Figure 2: Scatter plot of m/m growth rate of monthly GDP versus monthly industrial production for the range -6% m/m < IP growth rate < +6% m/m (blue circles) and nearest neighbor fit (red line).
Table 1 presents the results of estimating the relationship for the typical 1992-2023M08 sample (so the last observation on the dependent variable is the y/y growth rate in 2024M08). 1992 is the starting point because monthly GDP is not available before then. The first three columns report simple bivariate regressions, and the next three columns expand the term spread using the Chicago Federal Reserve National Financial Conditions Index and debt service ratios (see: Chin and Ferrara (2024) For more information on the latter, see BIS).
Note: The dependent variable is the 12-month log difference of industrial production (IP), monthly gross domestic product (GDP), or coincident index (CI). Spread is the 10-year to 3-month Treasury spread in bps, FCI is the Chicago Fed National Financial Conditions Index, and DSR is the private non-financial sector debt service ratio (in decimal format). Bold indicates statistical significance at 5% msl using Newey-West robust standard errors. Source: Author’s calculations.

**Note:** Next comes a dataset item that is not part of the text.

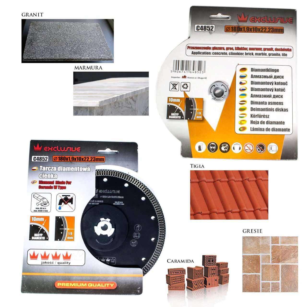 ,  , A gyémánt korongok különféle anyagokat, például aszfaltot, betont, természetes követ, kerámiát, porcelánt stb. vághatnak. Néhányat olyan anyagok csiszolására is használnak, mint a gránit, márvány és kő, hogy különleges fényt és tökéletes felületet biztosítsanak.

Spreads are a statistically significant determinant of industrial production growth rates, but the proportion of variance explained is extremely low. Interestingly, this finding of significant coefficients does not apply to monthly GDP or coincident indices (factors primarily based on labor market indicators).

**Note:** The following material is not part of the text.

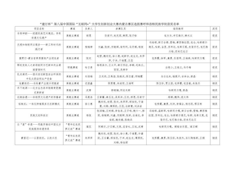 第八届中国国际“互联网+”大学生创新创业大赛内蒙古赛区选拔赛总决赛于8月11日下午圆满落幕。8月15日自治区教育厅发布《关于“建行杯”第八届中国国际“互联网+”大学生创新创业大赛区选拔赛评审结果的公示》,米乐官网获得高教主赛道3银6铜、职教赛道1银、青年红色筑梦之旅赛道2铜以及青年红色筑梦之旅赛道优秀组织奖。在奖牌总数上创米乐官网在该赛事上的历史最好成绩。

Enhancing specifications with FCI and DSR will significantly impact IP growth. FCI also significantly affects GDP growth and CI growth, the difference being that in both cases the spread is not statistically significant. DSR is only significant for the matching index.
One may wonder whether including the pandemic period may distort the results. To check this, let’s delete the 2019M01~2020M12 interest rate data.

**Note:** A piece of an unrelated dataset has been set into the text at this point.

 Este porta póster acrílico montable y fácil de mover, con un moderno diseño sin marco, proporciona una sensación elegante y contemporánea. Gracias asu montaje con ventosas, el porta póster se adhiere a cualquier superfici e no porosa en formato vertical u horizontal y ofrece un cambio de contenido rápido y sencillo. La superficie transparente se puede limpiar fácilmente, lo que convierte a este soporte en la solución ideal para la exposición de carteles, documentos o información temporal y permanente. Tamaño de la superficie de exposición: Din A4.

Note: The dependent variable is the 12-month log difference of industrial production (IP), monthly gross domestic product (GDP), or coincident index (CI). Spread is the 10Y-March Treasury spread in bps, FCI is the Chicago Fed National Financial Conditions Index, and DSR is the private non-financial sector debt service ratio (in decimal format). Bold indicates statistical significance at 5% msl using Newey-West robust standard errors. Source: Author’s calculations.
Now the spread does not enter significantly in any of the specifications (although it is significant at 10% msl for the bivariate IP spread regression). In fact, the significance of the spread seems to be a product of the pandemic period. For the pre-pandemic sample, we obtain the following estimates:
Note: The dependent variable is the 12-month log difference of industrial production (IP), monthly gross domestic product (GDP), or coincident index (CI). Spread is the 10Y-March Treasury spread in bps, FCI is the Chicago Fed National Financial Conditions Index, and DSR is the private non-financial sector debt service ratio (in decimal format). Bold indicates statistical significance at 5% msl using Newey-West robust standard errors. Source: Author’s calculations.
It has been standard practice to use industrial production as a proxy for the broader aggregate, but this is not economically motivated, it is almost a convenience. Industrial production (mining, utilities and manufacturing) was only 13% of GDP in 2023. Therefore, to examine the impact of financial indicators on aggregate economic activity, it makes more sense to focus on GDP.
The bottom line is that the term spread predicts IP growth but does not predict overall economic activity over the past 30 years. Interestingly, Ahmed and Chin (2024)Foreign term spreads predict GDP.